→ WORK REQUEST:
Each entry should be repeated exactly. Its pictures should not be.

→ Records excerpted from a collection:
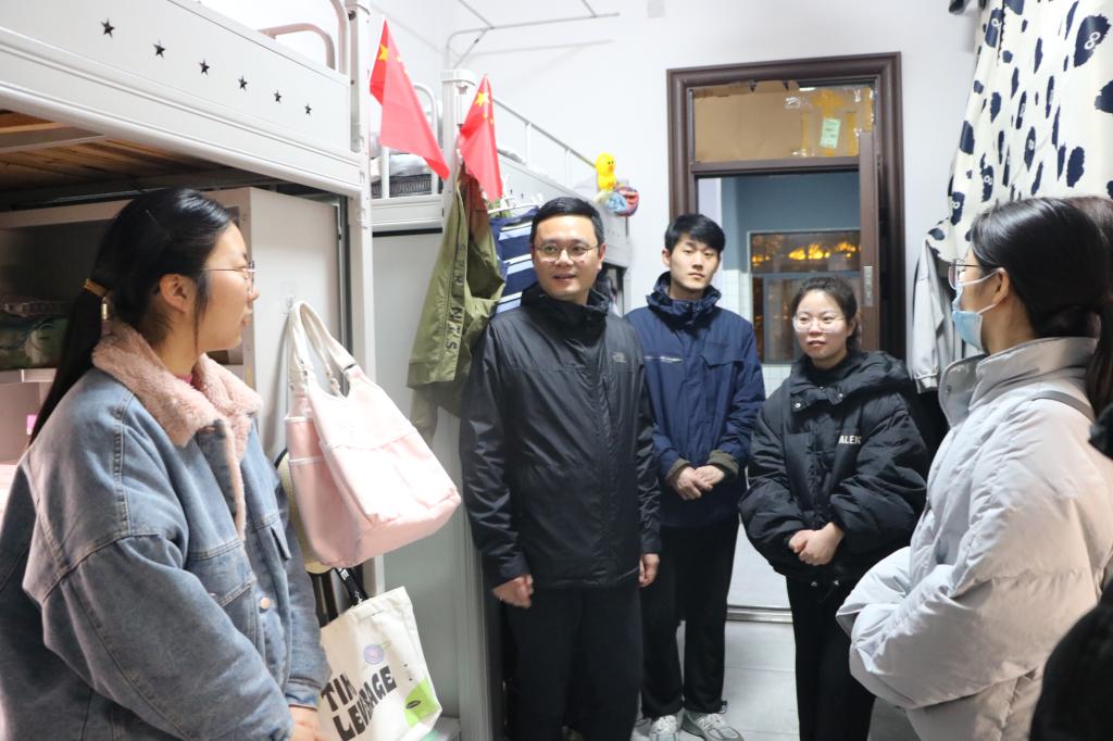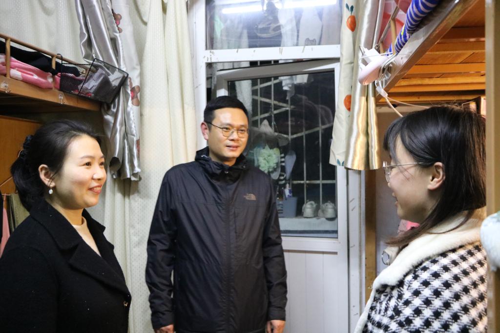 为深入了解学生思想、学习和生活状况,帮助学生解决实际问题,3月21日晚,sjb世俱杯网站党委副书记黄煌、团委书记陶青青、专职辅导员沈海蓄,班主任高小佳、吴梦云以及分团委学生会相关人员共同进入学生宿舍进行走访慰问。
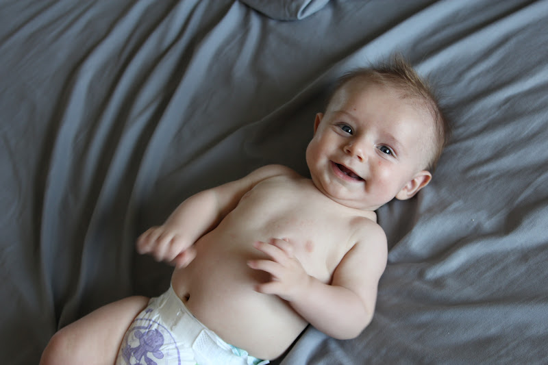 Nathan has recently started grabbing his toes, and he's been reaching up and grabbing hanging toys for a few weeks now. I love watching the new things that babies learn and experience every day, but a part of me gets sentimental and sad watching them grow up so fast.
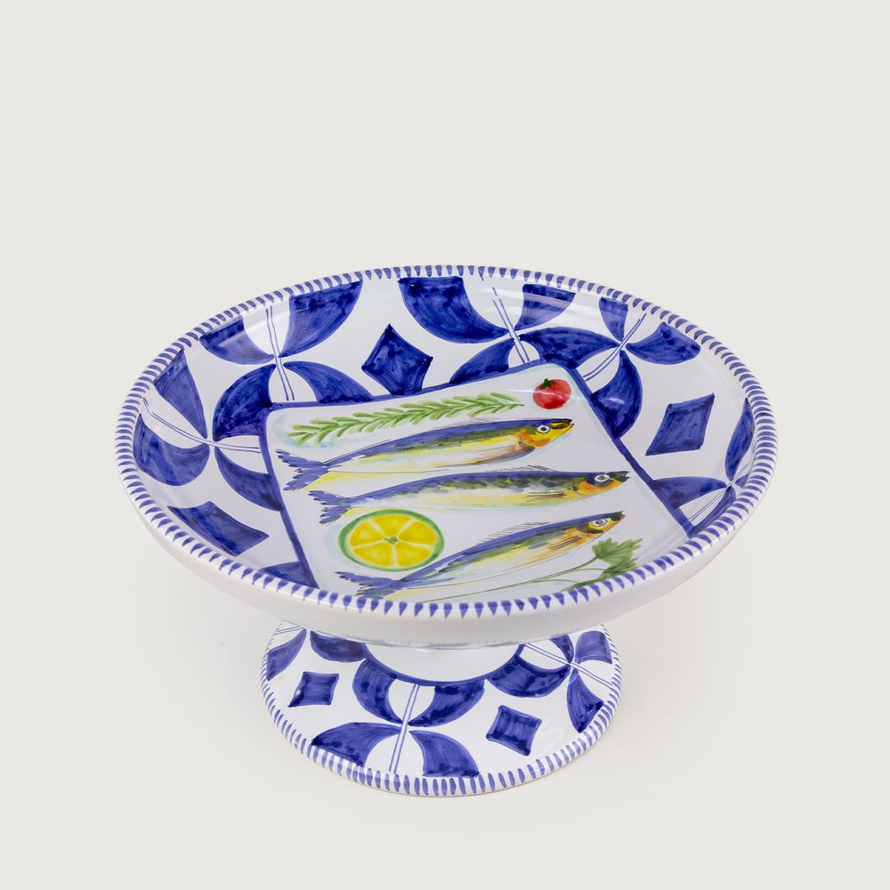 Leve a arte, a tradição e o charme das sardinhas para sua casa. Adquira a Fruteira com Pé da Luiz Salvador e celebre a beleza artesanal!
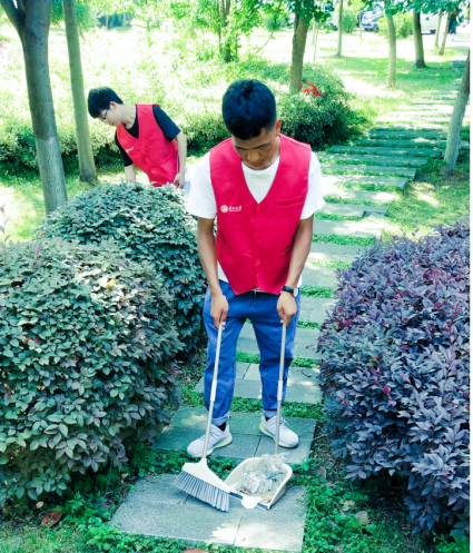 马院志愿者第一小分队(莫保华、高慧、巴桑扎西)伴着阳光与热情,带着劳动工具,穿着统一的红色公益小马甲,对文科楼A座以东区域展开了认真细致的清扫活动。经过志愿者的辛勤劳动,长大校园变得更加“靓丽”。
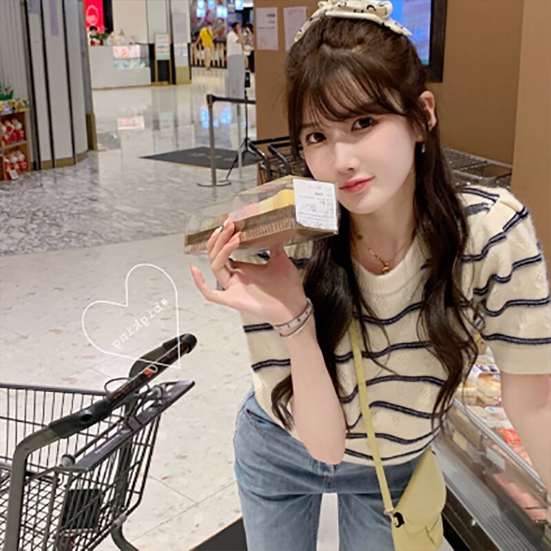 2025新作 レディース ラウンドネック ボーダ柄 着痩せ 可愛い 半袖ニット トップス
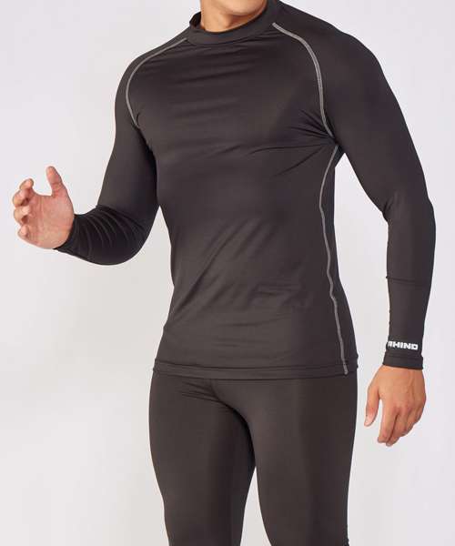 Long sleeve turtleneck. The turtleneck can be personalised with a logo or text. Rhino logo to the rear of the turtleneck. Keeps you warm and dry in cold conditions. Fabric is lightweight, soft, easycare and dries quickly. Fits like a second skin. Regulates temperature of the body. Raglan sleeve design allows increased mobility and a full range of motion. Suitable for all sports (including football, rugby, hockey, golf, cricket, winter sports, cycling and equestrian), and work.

→ ANSWER TO THE EXERCISE:
 为深入了解学生思想、学习和生活状况,帮助学生解决实际问题,3月21日晚,sjb世俱杯网站党委副书记黄煌、团委书记陶青青、专职辅导员沈海蓄,班主任高小佳、吴梦云以及分团委学生会相关人员共同进入学生宿舍进行走访慰问。
 Nathan has recently started grabbing his toes, and he's been reaching up and grabbing hanging toys for a few weeks now. I love watching the new things that babies learn and experience every day, but a part of me gets sentimental and sad watching them grow up so fast.
 Leve a arte, a tradição e o charme das sardinhas para sua casa. Adquira a Fruteira com Pé da Luiz Salvador e celebre a beleza artesanal!
 马院志愿者第一小分队(莫保华、高慧、巴桑扎西)伴着阳光与热情,带着劳动工具,穿着统一的红色公益小马甲,对文科楼A座以东区域展开了认真细致的清扫活动。经过志愿者的辛勤劳动,长大校园变得更加“靓丽”。
 2025新作 レディース ラウンドネック ボーダ柄 着痩せ 可愛い 半袖ニット トップス
 Long sleeve turtleneck. The turtleneck can be personalised with a logo or text. Rhino logo to the rear of the turtleneck. Keeps you warm and dry in cold conditions. Fabric is lightweight, soft, easycare and dries quickly. Fits like a second skin. Regulates temperature of the body. Raglan sleeve design allows increased mobility and a full range of motion. Suitable for all sports (including football, rugby, hockey, golf, cricket, winter sports, cycling and equestrian), and work.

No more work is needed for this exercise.